Yang Chu-I, Li Yi-Pei
Department of Chemical Engineering, National Taiwan University, No. 1, Sec. 4, Roosevelt Road, Taipei, 10617, Taiwan.
Taiwan International Graduate Program (TIGP), Academia Sinica, No. 128, Sec. 2, Academia Road, Taipei, 11529, Taiwan.
J Cheminform. 2023 Feb 3;15(1):13. doi: 10.1186/s13321-023-00682-3.
Quantifying uncertainty in machine learning is important in new research areas with scarce high-quality data. In this work, we develop an explainable uncertainty quantification method for deep learning-based molecular property prediction. This method can capture aleatoric and epistemic uncertainties separately and attribute the uncertainties to atoms present in the molecule. The atom-based uncertainty method provides an extra layer of chemical insight to the estimated uncertainties, i.e., one can analyze individual atomic uncertainty values to diagnose the chemical component that introduces uncertainty to the prediction. Our experiments suggest that atomic uncertainty can detect unseen chemical structures and identify chemical species whose data are potentially associated with significant noise. Furthermore, we propose a post-hoc calibration method to refine the uncertainty quantified by ensemble models for better confidence interval estimates. This work improves uncertainty calibration and provides a framework for assessing whether and why a prediction should be considered unreliable.

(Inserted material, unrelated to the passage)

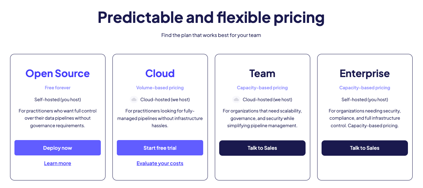 Airbyte has introduced capacity-based pricing for its Teams and Enterprise plans. Instead of charging based on data volume, pricing is now based on Data Workers, which measure the processing power required to run data pipelines efficiently. Customers pay for processing capacity, not fluctuating data usage.

在高质量数据稀缺的新研究领域,量化机器学习中的不确定性很重要。在这项工作中,我们开发了一种用于基于深度学习的分子性质预测的可解释不确定性量化方法。该方法可以分别捕获偶然不确定性和认知不确定性,并将不确定性归因于分子中存在的原子。基于原子的不确定性方法为估计的不确定性提供了额外的化学见解,即人们可以分析单个原子的不确定性值,以诊断给预测带来不确定性的化学成分。我们的实验表明,原子不确定性可以检测到未见的化学结构,并识别其数据可能与显著噪声相关的化学物种。此外,我们提出了一种事后校准方法,以改进由集成模型量化的不确定性,从而获得更好的置信区间估计。这项工作改进了不确定性校准,并提供了一个框架,用于评估预测是否以及为何应被视为不可靠。